Generic build parameters:
  Installation prefix:                     /opt/suricata
  Configuration directory:                 /etc/suricata/
  Log directory:                           /var/log/suricata/

  --prefix                                 /opt/suricata
  --sysconfdir                             /etc
  --localstatedir                          /var
  --datarootdir                            /opt/suricata/share

  Host:                                    x86_64-pc-linux-gnu
  Compiler:                                gcc (exec name) / g++ (real)
  GCC Protect enabled:                     no
  GCC march native enabled:                no
  GCC Profile enabled:                     no
  Position Independent Executable enabled: no
  CFLAGS                                   -g -O2 -fPIC -std=c11 -I${srcdir}/../rust/gen -I${srcdir}/../rust/dist
  PCAP_CFLAGS
  SECCFLAGS

I had another look at sudo perf top -p $(pidof suricata) during the 100% spikes and this was the output:

I then tried sudo perf top -g -p $(pidof suricata) and these two caught my eye:

and

Are these normal values? I’ve attached to full output to sudo perf top -g -p $(pidof suricata) here:
perf-top-g-p.log (151.9 KB)

If the traffic is encapsulated in any other protocols, fragementation, non-rfc compliant etc.

Also the build info shows no hyperscan support which is also a drawback on performance.

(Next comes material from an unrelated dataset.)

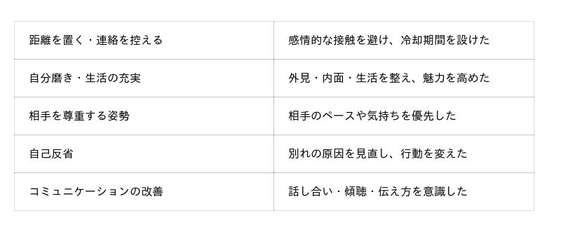 これらの行動を取った人ほど、復縁に至っています。

I would also hunt further on the perf details, those functions have a very high overhead which I don’t expect on normal systems. Could be related to how Suricata is running on the OS, maybe play around with that as well. Although this might be more Security Onion related at one point.
Maybe some sort of additional kernel option is enabled or optimization not obvious to be running but causing issues.

As I said you can also try another runmode like PCAP mode, which is slower but maybe doesn’t have the symptom that you see currently.

Depending on the system and options you have, you could boot a different OS like Debian or Ubuntu and run vanilla Suricata and see if the same issue shows up.